Феликс был озадачен. Но задачу решил очень быстро. Это сделает наемная тетка. И еще один плюс – никаких отягчающих жизнь отношений. Ни обид, ни претензий. Все внимание – делу.
Жизнь наладилась. И работа наладилась тоже. Феликс чувствовал, что укротил успех. Он свершал просто беспрецедентные чудеса. Интеллект искусственный, генерированный его интеллектом, стал уже материален. В его лаборатории под охраной и под замками доводился до совершенства не имевший аналогов в долгой истории безымянный продукт, научившийся гениальными стараниями Феликса воспринимать информацию и принимать решения, адаптироваться к окружению и развиваться. Мыслить. Это нечто само обучалось тому, что считало необходимым, само устанавливало приоритеты, не знало усталости, на все реагировало мгновенно. Феликс предусмотрел вместо алгоритмического принципа сложную корреляцию действий электронного мозга, при которых устройство способно стало прямыми путями искать в своей памяти то, что востребовано в данный момент. Моделировалась психология человека. Еще шаг – и доступны случатся эмоции, радость и боль. Только химии малость добавить… При одной информации выделять одни вещества, при другой – другие, и воздействуя ими на регистрирующие устройства, генерировать соответствующие реакции. Все, как в жизни. До безобразия по-настоящему.
Казалось, что вот и достигнута та вершина, что виднелась на горизонте мечтаний. Может все. Только руки приделать… И, главное, при таком совершенстве ни капризов, ни эгоистических желаний.
Но… Феликсу стало скучно.
- Тупая железка! – с презрительного приветствия он начинал каждый день. Одно утешает – выключить можно, когда захочешь.
Как ни силился Феликс быть независимым от своего быта, как ни храбрился, его частная жизнь диктовала и путь его творческим мыслям. Уже минуло около полугода с того дня, когда Ася покинула дом. Феликс редко терял вдохновение. Он работал, пока бодрствовал. Всегда. Ну, почти всегда.

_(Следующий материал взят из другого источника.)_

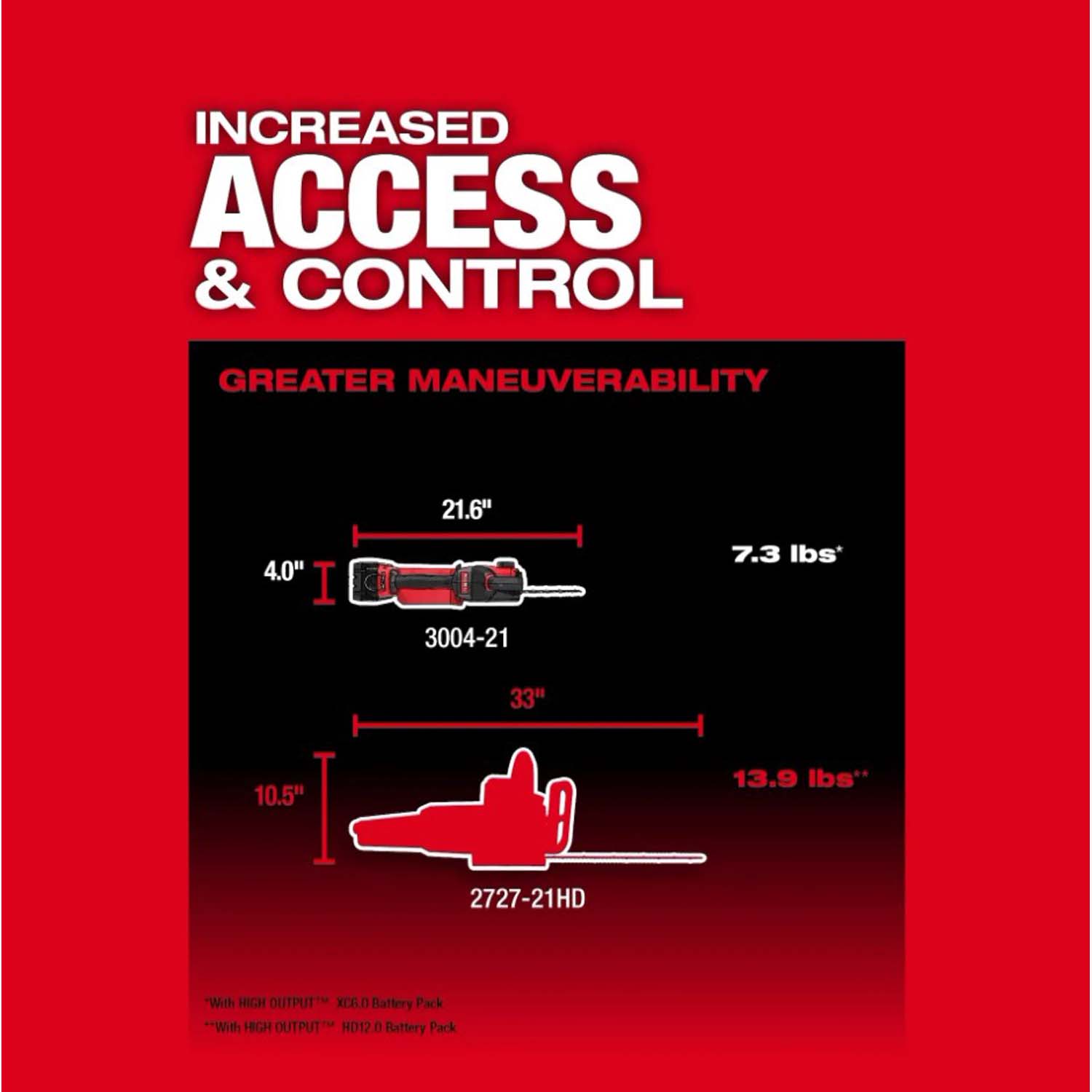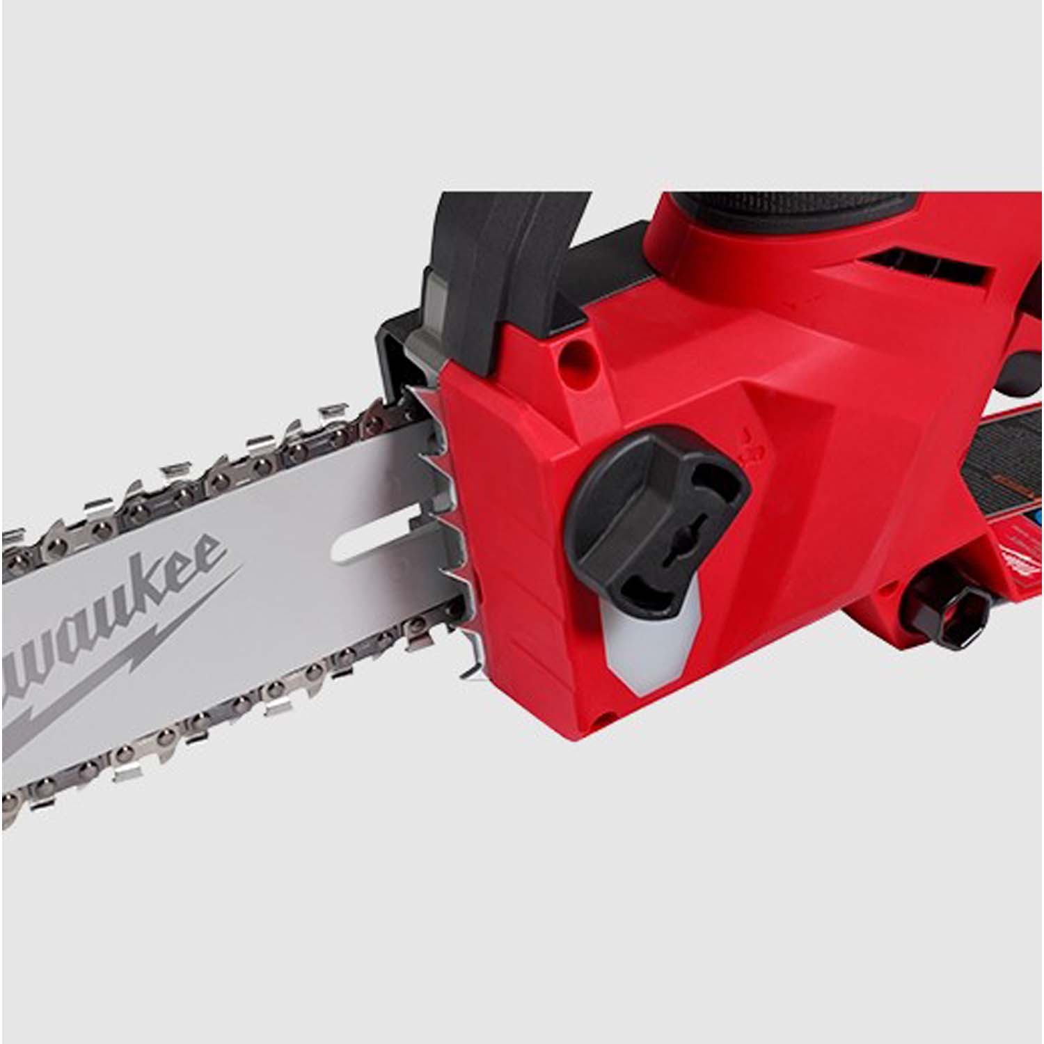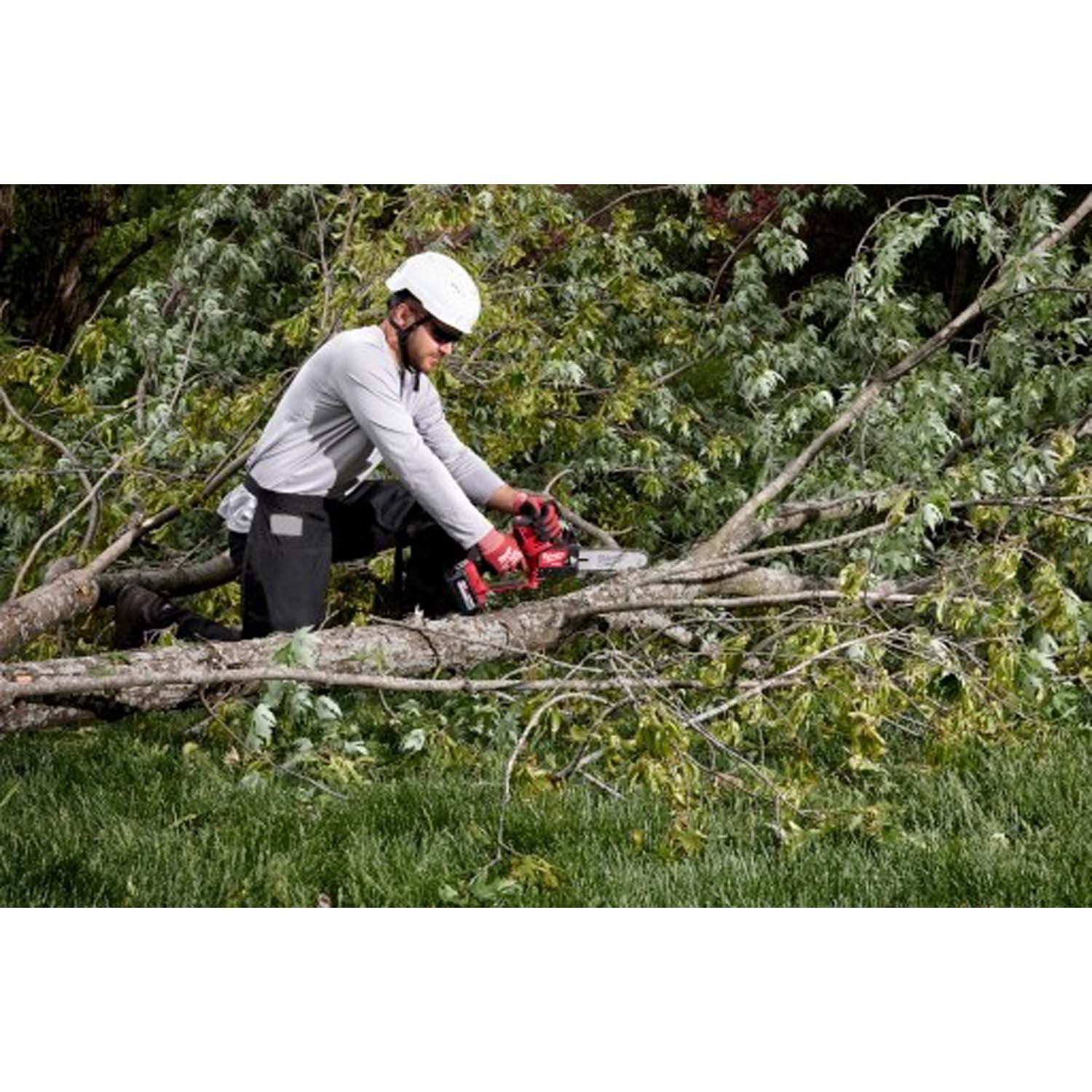 Our MILWAUKEE® M18 FUEL™ HATCHET™ 8" Pruning Saw delivers increased control & access, has the power to cut hardwoods, and is the fastest cutting pruning saw. This pruning saw is designed to meet the ergonomic, performance, and durability needs of the professional arborist, landscape maintenance professional, and power utility linemen. Weighing less than 5lbs without a battery and featuring a compact design, the cordless pruning saw provides increased control and maneuverability in tight access areas. The POWERSTATE™ Brushless Motor maintains speed under heavy loads without bogging down to complete demanding cuts faster than 25cc gas. The REDLINK PLUS™ Intelligence enables full-circle communication between the tool and battery, allowing for unmatched performance, protection, and productivity levels. M18 FUEL™ technology enables the saw to reach full throttle in under 1 second and a variable speed trigger for ultimate control over the power range. This pruning saw features a lanyard loop, full house chain, easy access chain tensioner, automatic oiler, metal bucking spikes, onboard scrench storage, lanyard loop, and a climbing scabbard. The M18 FUEL™ HATCHET™ 8" Pruning Saw is fully compatible with 250+ solutions on the M18™ system.

Но порой возникали паузы… Словно он выплывал из сна. Словно некий верховный разум отпускал его перекурить. И в такие моменты его вычурный ум вдруг терялся, и вселенную тогда видел он, как с изнанки. Размышления о высоких материях, сомнения о морали были чужды ему. Оттого во внезапных пугающих отвлечениях от своих основных занятий Феликс видел лишь сверхмотивацию к нахождению новых маршрутов.
«Отсутствие женщины пагубно для здоровья! Но жена как явление… столько противопоказаний!» - Феликс морщил лоб, испытывая неудобство, - «Это чуждо моим идеалам». И идея сама предложила себя на его рассмотрение: сконструировать женщину по своему запросу. С учетом своих предпочтений, желаний и даже чудачеств.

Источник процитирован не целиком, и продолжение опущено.